Fasilitas Pengelolaan Sampah berbasis teknologi Refuse Derived Fuel (RDF) milik Pemerintah Provinsi DKI Jakarta di Rorotan, Jakarta Utara, kembali menuai sorotan. Proyek besar senilai hampir Rp1,2 triliun yang dibangun sejak 2023 dan rampung pada akhir 2024 itu kini tengah dipertanyakan efektivitas serta transparansinya, setelah dua kali uji coba pengoperasian justru memicu keluhan warga sekitar.
Anggota DPRD DKI Jakarta Fraksi Gerindra, Ali Lubis, SH, MH, menyampaikan keprihatinannya terhadap kondisi RDF Rorotan yang seharusnya menjadi solusi pengelolaan sampah modern, namun justru menimbulkan persoalan lingkungan.
“Kalau anggarannya hampir Rp1,2 triliun dan berasal dari APBD — uang rakyat — maka secara logika dari proses kajian, perencanaan, dan analisis dampak lingkungan seperti bau, proses pengangkutan, serta pengelolaan sampahnya seharusnya sudah clear atau tidak bermasalah,” ujar Ali Lubis, Kamis (6/11/2025).
Namun, lanjutnya, fakta di lapangan justru berbanding terbalik. Dalam dua kali uji coba, fasilitas tersebut memunculkan dampak lingkungan yang memicu protes masyarakat. Berdasarkan laporan sejumlah media, puluhan anak-anak mengalami infeksi saluran pernapasan akut (ISPA) dan bau busuk dari fasilitas tersebut menyebar hingga ke permukiman warga.
Ali Lubis juga menyoroti ketiadaan keterbukaan terkait Analisis Mengenai Dampak Lingkungan (Amdal) dari proyek ini.

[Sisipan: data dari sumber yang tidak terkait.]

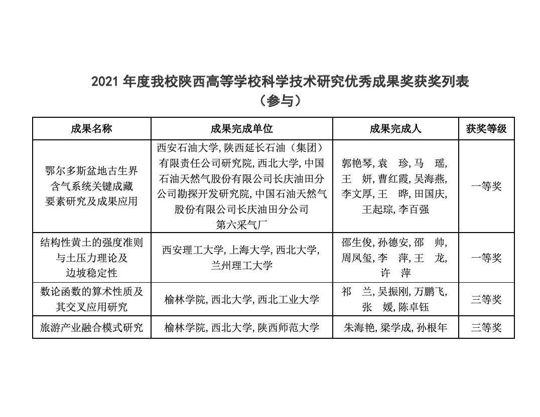 广发体育多项成果获2022年度陕西高等学校科学技术研究优秀成果奖 作者: 编辑:张邓斓 时间:2022-04-12 3月23日,《陕西省教育厅关于公布2022 年度陕西高等学校科学技术研究优秀成果奖的通报》发布,广发体育主持和参与的成果共有17项获奖,主持的成果共有13项获奖,其中特等奖1项,一等奖7项,二等奖2项,三等奖2项,科普奖1项;参与的成果共有4项获奖,其中一等奖2项,三等奖2项。是近三年广发体育在省教育厅奖中取得的最好成绩。 此次全省共评选出2022 年度陕西高等学校科学技术研究优秀成果奖获奖成果360项,其中特等奖27项、一等奖132项、二等奖155项、三等奖41项、科普奖5项。

Menurutnya, masyarakat hingga kini belum pernah diperlihatkan dokumen Amdal tersebut, padahal hal itu menjadi syarat utama sebelum fasilitas beroperasi.
“Ada warga yang mempertanyakan Amdalnya kepada Dinas Lingkungan Hidup, tetapi belum pernah diperlihatkan. Masyarakat mulai menilai ada aturan yang dilanggar dalam proses pembangunannya,” tegas Ali.
Kondisi ini, kata Ali, berpotensi menimbulkan kecurigaan publik bahwa proyek RDF Rorotan tidak dijalankan dengan transparan. Ia bahkan menilai, dengan nilai anggaran yang besar dan masalah yang muncul, tidak menutup kemungkinan terdapat dugaan mark-up atau praktik korupsi di dalamnya.
Sebagai langkah antisipatif, Ali Lubis mendesak Dinas Lingkungan Hidup (DLH) DKI Jakarta untuk memberikan penjelasan terbuka dan detail kepada publik mengenai permasalahan RDF Rorotan, termasuk proses kajian dan hasil uji coba pengoperasian.
“Demi menghindari kecurigaan publik, DLH sebaiknya menjelaskan secara rinci terkait masalah ini. Sebab hal ini bisa berdampak buruk terhadap citra kepemimpinan Gubernur Jakarta yang baru dan tentu saja merugikan masyarakat secara umum,” ujarnya.
Fasilitas RDF Rorotan dibangun di atas lahan seluas 7,8 hektare dan diklaim sebagai fasilitas pengelolaan sampah terbesar di dunia dengan kapasitas olahan hingga 2.500 ton per hari. RDF sendiri dirancang untuk mengubah sampah menjadi bahan bakar alternatif bagi industri semen dan energi, sehingga diharapkan mampu mengurangi ketergantungan Jakarta terhadap Tempat Pengolahan Sampah Terpadu (TPST) Bantargebang.
Namun, jika permasalahan lingkungan, sosial, dan administrasi tidak segera diselesaikan, proyek ambisius tersebut dikhawatirkan justru menjadi beban baru bagi Pemprov DKI Jakarta.
Ali Lubis menegaskan, pihak DPRD akan terus mengawasi jalannya proyek dan pengelolaannya agar penggunaan uang rakyat benar-benar bermanfaat dan tidak diselewengkan.
“Kita mendukung inovasi dan modernisasi pengelolaan sampah. Tapi jangan sampai nama besar RDF Rorotan justru tercoreng karena dugaan pelanggaran prosedur dan korupsi. Uang rakyat harus dipertanggungjawabkan,” tutupnya.